I just am not feeling very chipper and rested after so many days at home (a few were spent back home with my family, which is always nice). See, I have this little sleeping issue. I say "little" because, well, I'm not really much for self pity. But, really, it's a big shitty problem that I've had for, oh, say, 10 years now? No, I'm not that old. I have always had trouble sleeping. As a child, I slept at night, got up early and never ever napped. I didn't sleep in the car while we were driving--even the six hours to the beach. I didn't sleep during nap time in Kindergarten, which always got me frowny faces. ...Those bitches, I can't help it I can't sleep!... Anywho, I've been taking something to help me sleep for going on six years now. And, I think it is past its prime.

I know I was out of my routine last night when I went to bed, but it was friggin' ridiculous. It's often like that on Sunday. I lay down, and I can't get to sleep for hours. Then, when I finally do get to sleep, I wake up at 2 AM and never go back to sleep. And, it isn't like I hate my job or something. I just get very anxious on Sunday nights. On other nights, I get anxious, as well, but Sunday is the worst. I don't know why.

So, I'm really exhausted, and I just got back from a two week vacation. Of doing nothing. Absolutely nothing. But resting. Please explain this to me. I think I've decided it is shrink time. I think I'll make an appointment to see the psychiatrist. I want a sleep study. I want someone to tell me why I get highly anxious at night and no other time. What the hell is that?! I realize I'm high strung, but SERIOUSLY. Let a girl get some sleep.

Add that to the fact that I'm going to have to PAY taxes this year. Yeah, I won't be getting a single cent back, I'll be paying those good for nothing bastards. And, this is AFTER paying almost $6,000 in federal taxes alone this year. Go ahead, go calculate how much I make. Freaks. Anyway, I'm not 100% sure on that yet because I don't have my W-2, but from my paycheck stubs, it ain't looking so hot. I was so thrilled we got bonuses this year (even if our profit-where bonuses come from-was 1/3 last year's profit, for our company to be making a profit at all in our economy is amazing!). And, even though it was $1500 less than I got last year, it was still great to get anything. I was looking forward to putting some money into my savings and building it back up. Nope. Think again. That'll be going to the IRS and that son-of-a-bitch Obama with all his new ideas. Kill. Me. Now.

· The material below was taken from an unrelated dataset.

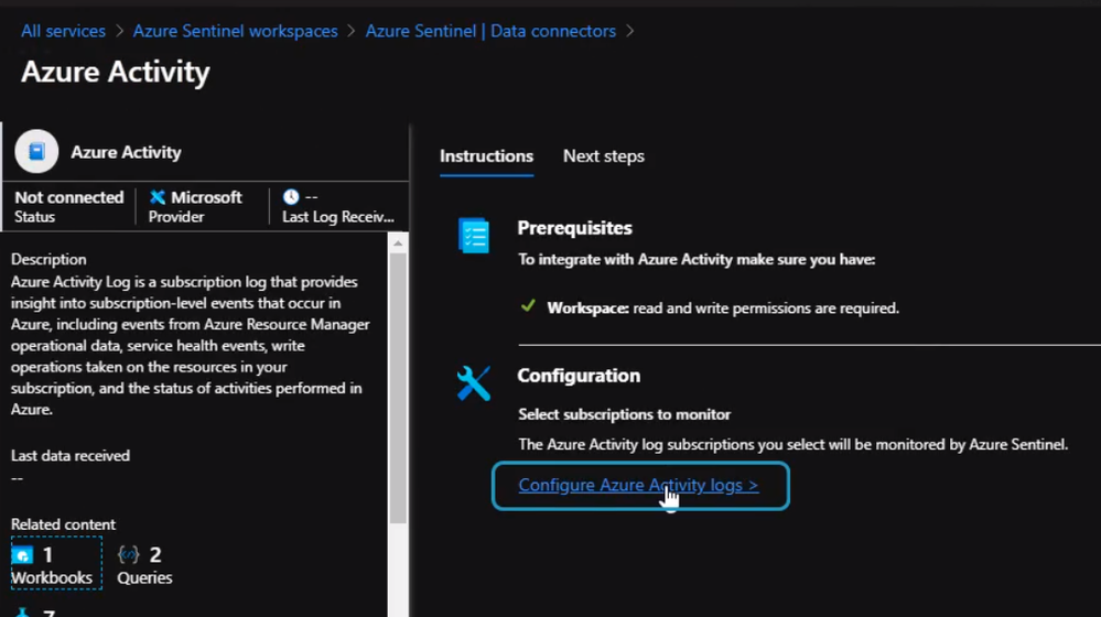 We will configure Azure Sentinel to detect and respond to policy violations in our subscription. In this case, we will need to select Azure Activity as our data connector and click “Configure Azure Activity Logs”

And, throw in a little of Travis' dad is still in the hospital. Even though he is out of ICU and the coma finally, I still miss him. And, Pepe really misses his Grandparents. We go over to feed Travis' Jack Russell, Mickey, who Pepe loves, and Pepe runs up to the house to see Mom and Dad. But no Mom and Dad is to be found. Sigh...

I guess I'm just a little down today. I've tried to pick myself up a little. I walked down five flight of stairs to the mailroom three times today. I'd walk back up, but it's hot as hell in there, and I'm fat, and I sweat. It didn't really make me feel a whole lot better. I ate a sensible lunch and don't think I gained much over the holiday, which is awesome. I've come to realize I could eat a box of donuts or a handful of broccoli and I'd gain the same amount of weight--a lot to be exact. Someone can explain that shit to me next (right after they explain my sleep issues).

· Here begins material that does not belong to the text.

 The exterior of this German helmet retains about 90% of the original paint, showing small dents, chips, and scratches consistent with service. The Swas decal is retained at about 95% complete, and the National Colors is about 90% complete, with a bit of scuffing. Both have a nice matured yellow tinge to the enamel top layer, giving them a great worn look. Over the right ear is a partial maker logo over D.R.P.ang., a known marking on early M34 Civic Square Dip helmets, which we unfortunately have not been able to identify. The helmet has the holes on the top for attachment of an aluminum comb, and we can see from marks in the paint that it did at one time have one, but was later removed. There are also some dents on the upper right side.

Anywho, I know this is a dreaded personal post, so I'll wrap this boring shit up. But, I just wanted to write that for me. I feel a teeny bit better. Even if I still have a migraine. Ugh.

1 comment:

  1. You know, I have opened myself up this year with my blog that hopes to open the eyes of American to how many taxes we pay. Then I thought about it. There's too many variable to know how much I make because I put my taxes out there.

    It's harder to come back each time I am gone. I miss being on the road as a sales rep. I felt free. I don't feel free sitting behind a computer.